We observed a significant difference in the prevalence of depressive symptoms across the 2 centres with patients attending MNRH having a higher prevalence. This could be due to the majority of patients attending MNRH being more ill, lack access to essential DMARDs and being relatively of low socioeconomic status. Also, Mulago receives referral from all over Uganda. Some of these patients are often polymorbid with other complications/comorbidities and suffer more recurrent flares compared to patients attending SFHN who are mainly from around Kampala and are of higher socio-economic status.

It’s unclear whether depression in people with RA are a result of their physical symptoms, or if depression is yet another symptom caused by the chronic, systemic inflammation of RA.13 Studies have demonstrated that systemic inflammation in RA patients leads to an increased concentration of pro-inflammatory cytokines and acute-phase reactants, which in-turn have been associated with development of depression in RA patients. Similarly, depression increases also lead to an increase in serum pro-inflammatory cytokines in RA patients.8

From a clinical standpoint, improved detection through active screening and treatment of patients with both RA and depression are important.15 This is because, focusing only on RA, without addressing mental health issues like anxiety or depression, can lead to lower quality of life and poor RA treatment outcomes. Provision of equal priority to mental and physical health problems by treating rheumatologists and improved continuity of care could help disclosure of mood concerns. Facilitation of access to psychological therapies could improve outcomes for both mental and physical health problems.3 Lifestyle changes, therapy, and appropriate depression treatment should be offered to the affected patients.
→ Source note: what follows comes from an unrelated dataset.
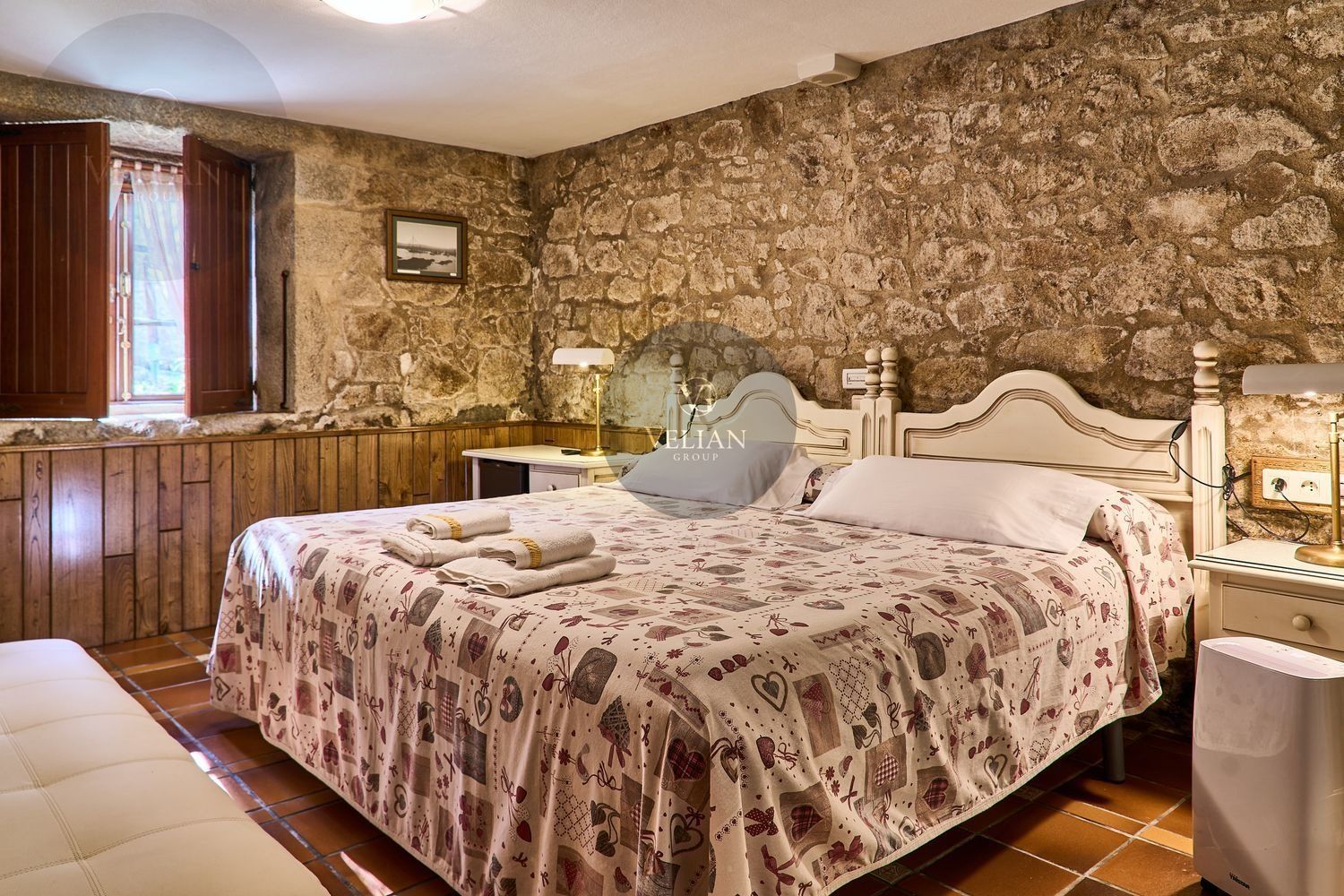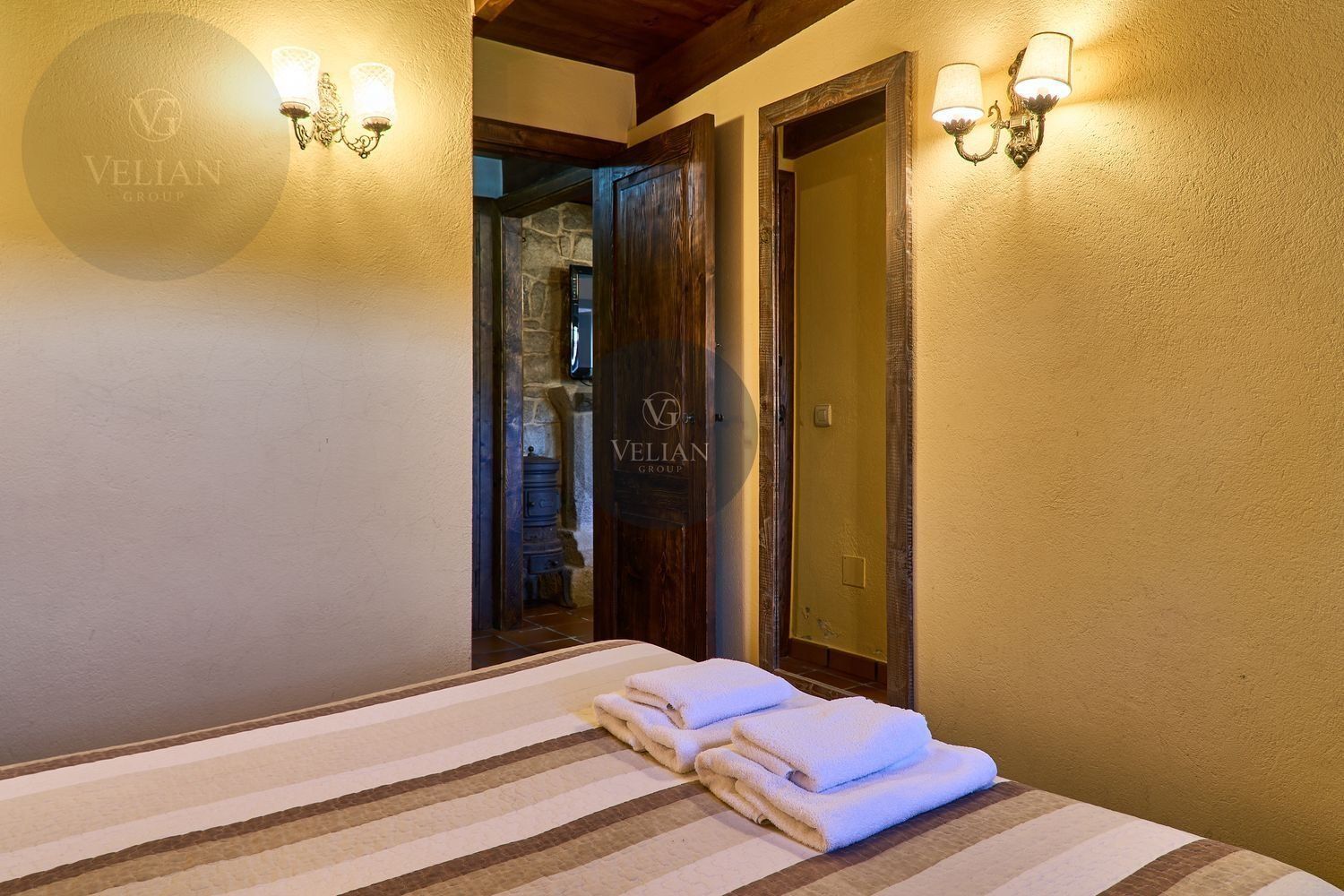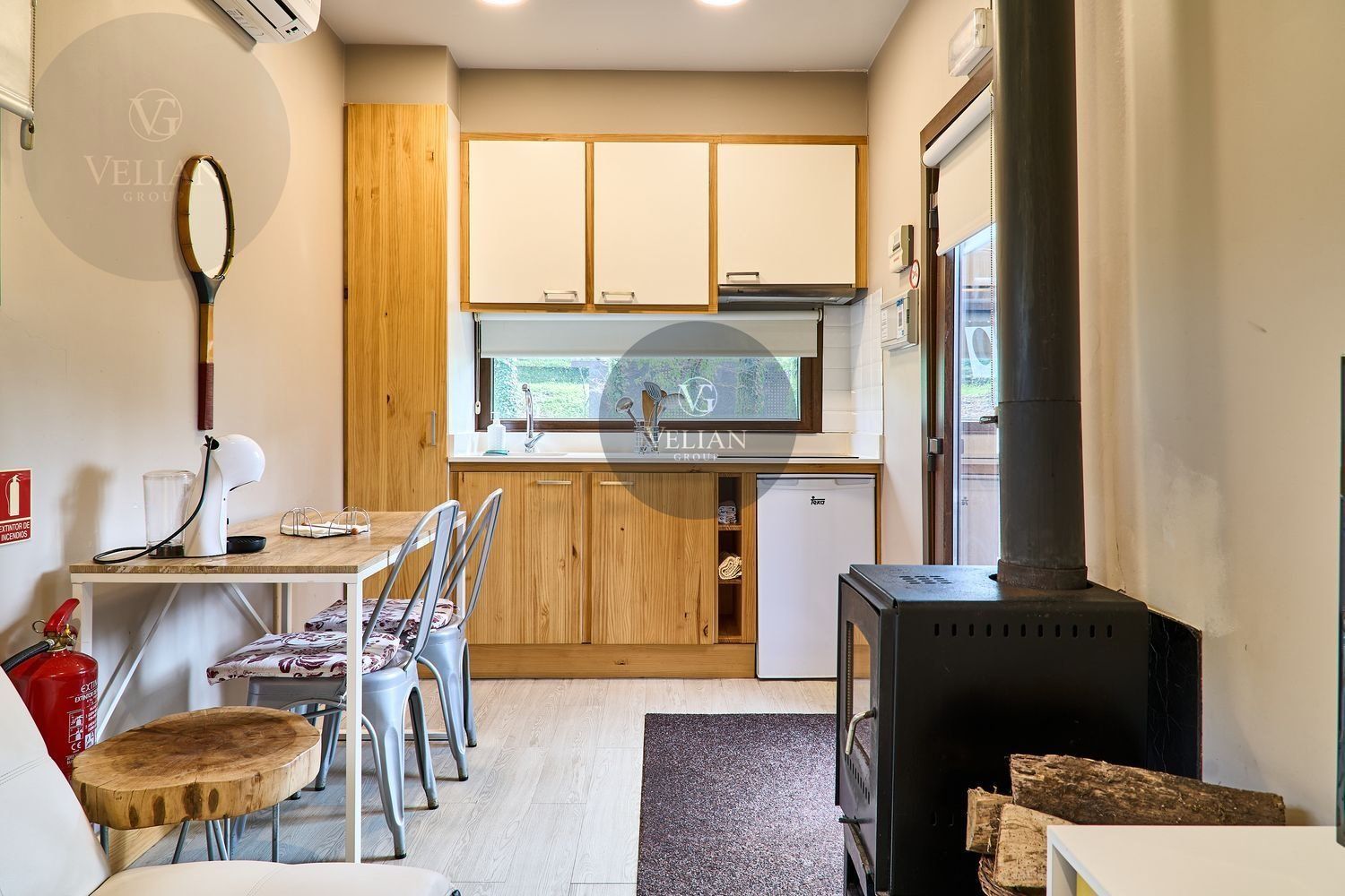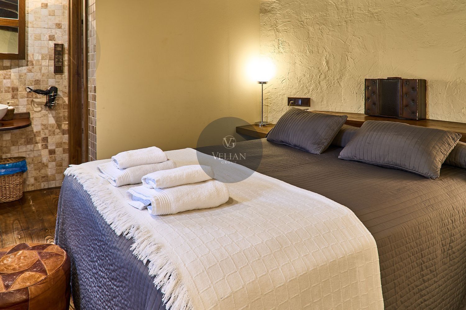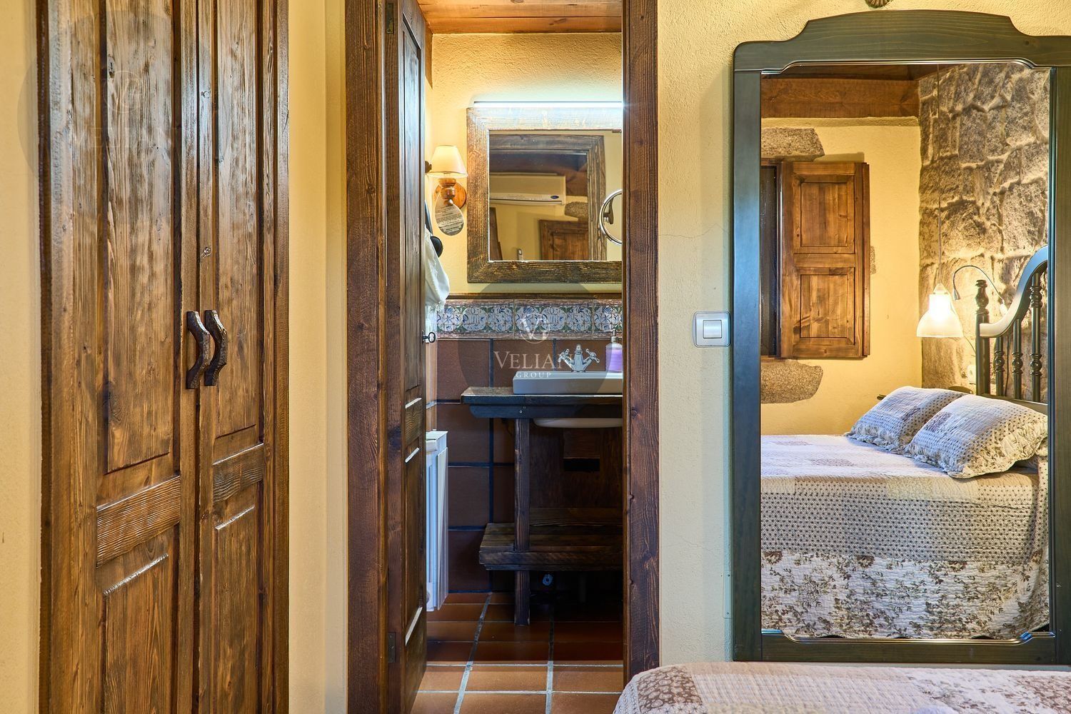 El complejo está compuesto por una casa principal de piedra con seis habitaciones dobles con baño en suite, amplias, luminosas, con calefacción central por gasoil, por suelo radiante y aire acondicionado, ofreciendo una estancia de máximo confort. Además, cuenta con tres cabañas bioclimáticas situadas en el bosque, construidas con contenedores marítimos reciclados y revestidas en madera para una integración perfecta con el entorno. Estas cabañas han sido diseñadas con un enfoque sostenible y funcional, incluyendo chimenea, cocina equipada, televisión, bañera de hidromasaje, terraza privada con barbacoa y acceso a una piscina-jacuzzi compartida. Una de ellas, un antiguo palomar reformado, ha sido convertida en una espectacular suite con un diseño exclusivo.

Important complications of untreated depression in patients with RA, includes exacerbation of symptoms, greater risk of cardiovascular disease, economic decline, loss of productivity, and sexual dysfunction, resulting to a significant morbidity and mortality.8

Our study is not without limitations. Significantly, the small sample size utilized in this study should be taken into consideration while interpreting the findings and inferences of the study. The small sample size is owed to the relatively low number of RA patients enrolled in care in Uganda and the short duration of the study period. We did not also assess pain itself as a symptom which is an important predictor of depression in patients with RA. In addition, we did not evaluate the use of steroids which may cause drug-induced depression in large doses.18 Clinical diagnosis of major depressive disorder requires either psychiatric interviews or the mini– neuropsychiatric interview.

Conclusion

In this study, a significant proportion of RA patients in Uganda have comorbid depressive symptoms. Optimal care for RA patients therefore requires routine psychiatric assessment and management. More research into the etiology, morbidity, and mortality associated with depression in RA patients in Ugandan context is proposed. Studies assessing the healthcare burden and the socio-economic impact of depression in RA patients in Uganda are recommended.